That’s one thing. The other thing that we’re doing that I hope touches on what you’ve asked is that, as in many classes that have large numbers of students, we use multiple choice questions. CORE has a really big test bank. One thing we did was to put all of our, maybe 3,000, individual questions, into a whole range of LLMs and see how good they were at getting the correct answers. There was a wide range of results.

Now, that’s beginning to give you a way of helping students learn and to understand the way LLMs can both help and hinder their learning. We use the jagged frontier model of Ethan Mollick. LLMs are good at some things and not good at other things. So what we can do is map this region where LLMs are good at certain tasks and answering certain types of questions.

Using our test bank, the calculation questions, all of the LLMs would get the correct answer. So if students are having difficulty answering those kinds of questions, then using an LLM as a Socratic tutor can help them learn those techniques. The kinds of finance type of problems, where you just have to solve net present value problems, for example, are algorithmic. So LLMs can come on board as a helpful tutor.

And that’s really great because, if I’ve got 800 students, I don’t want to waste time in the classroom on those things, because many of the students can just do them, and they’ll be bored. And some of the students will take ages to get the hang of it, and they won’t get the hang of it in a lecture and will be frustrated. That’s where the material is inside the frontier and LLMs can boost student learning.

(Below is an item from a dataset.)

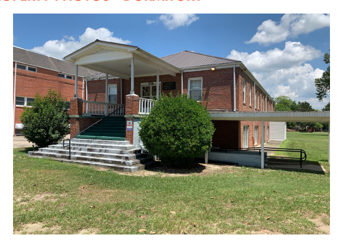
Exterior Front View

Then there are some questions that some of the LLMs get wrong. These are ones that require rather subtle reasoning going beyond simple market clearing models, for example. And what we’re doing is to help the students by showing them the answers, the wrong answers from the LLMs, and the wrong reasoning from the LLMs, to help them understand this jagged frontier, and the fact that to understand some material, they cannot rely on the LLM.

But how do they figure out what LLMs are good at and what they’re not? This is what we are working on at CORE. With questions that are outside the boundary, we will divert students back to the CORE textbook (free online at www.core-econ.org), and, for example, to the reading tutor, which will help them go through that specific material.

These are the sorts of tools that we’re trying to build. I hope students will learn that answers are cheap. Good questions are scarce.

Students will have to learn to figure out whether their questions are the kind where they can get straightforward help from an LLM (practice at solving routine optimization problems, for example), or whether they’re the questions which, to answer, you are going to need to exert your own effort to get your brain around it. They’re the frustrating questions, but the ones where getting to the answer builds the scaffolding for the next step of deeper learning.

One example, which I used first with my teaching assistants in the weekly training session, and then with the students, was like this. I gave them a simple question: in this context, does a curve shift up or down, and why? By the way, I brought paper and pens into the classroom. And they were kind of curious, what’s this about?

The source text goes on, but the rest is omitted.